Die von Leibniz geschaffenen Institutionen, insbesondere das noch immer bestehende Netz russischer Wissenschaftsakademien, waren entscheidend für die spätere Zusammenarbeit mit den Vereinigten Staaten. In Amerika wurde Leibniz‘ wissenschaftlicher und philosophischer Beitrag von den Führern der Massachusetts Bay Colony, wie Cotton Mather, und Philadelphia — angeführt von William Penns Sekretär James Logan und dem großen amerikanischen Philosophen und Staatsmann Benjamin Franklin — geleistet. Auch der indirekte Einfluss durch seinen Anhänger Emmerich de Vattel, einem Schweizer Denker, muss berücksichtigt werden.
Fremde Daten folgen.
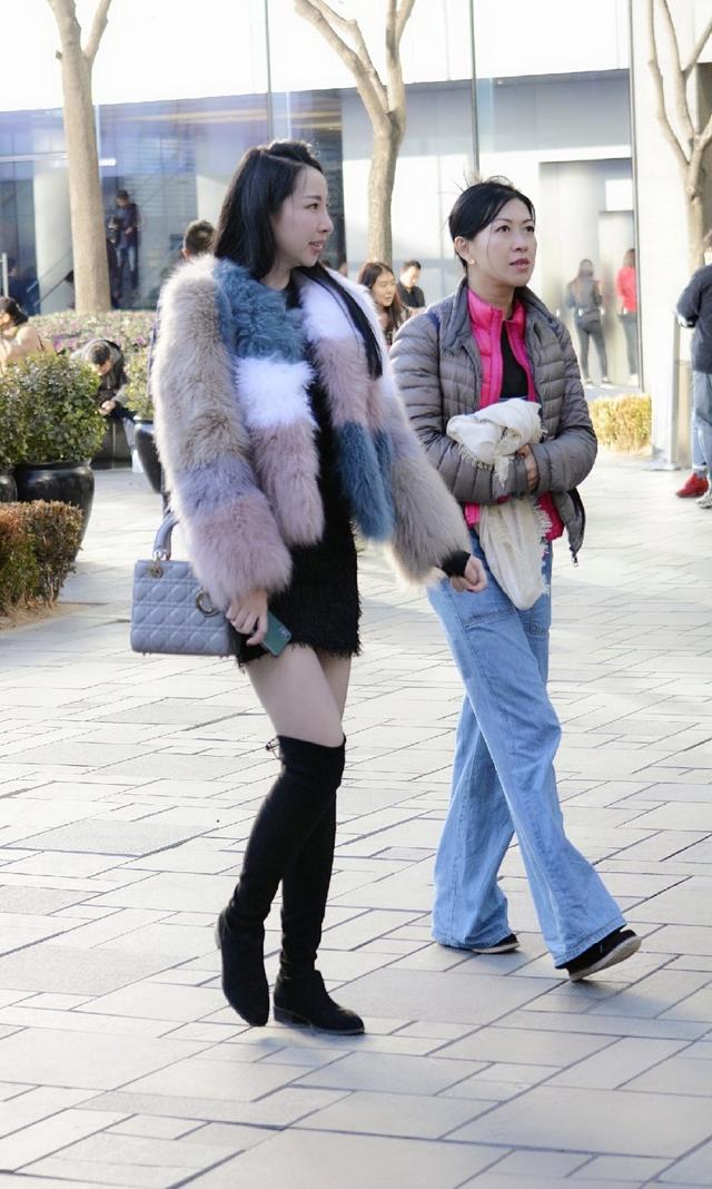 这位小姐姐穿着黑色平底过膝靴,显露出了小姐姐漂亮的腿部线条,黑色毛毛的瘦身连衣内衬,外搭一款三色相拼接的皮草短款外衣,尽显女人穿衣品味,走在时尚街区美丽又吸睛。

De Vattels Schriften zur Staatskunst und zum Völkerrecht hatten unter anderem einen großen Einfluss auf einen der US-Gründerväter und späteren Finanzminister Alexander Hamilton (1).

Russlands Rolle bei der Bildung der Liga der bewaffneten Neutralität, dem Pakt von 1780 zwischen Russland, Dänemark, Holland, Portugal, Preußen, Schweden und dem Heiligen Römischen Reich zur Verteidigung der neutralen Schifffahrt gegen die Angriffe des britischen Empire auf die französisch-amerikanische Allianz im US-amerikanischen Unabhängigkeitskrieg, war nicht unerheblich. Auch wenn die Aktion an sich keine politische Verbundenheit der Kaiserin Katharina der Großen mit der US-amerikanischen republikanischen Sache als solcher zeigte, begründete sie jedoch ein starkes Gefühl der Sympathie und Wertschätzung der US-amerikanischen Seite gegenüber den Russen.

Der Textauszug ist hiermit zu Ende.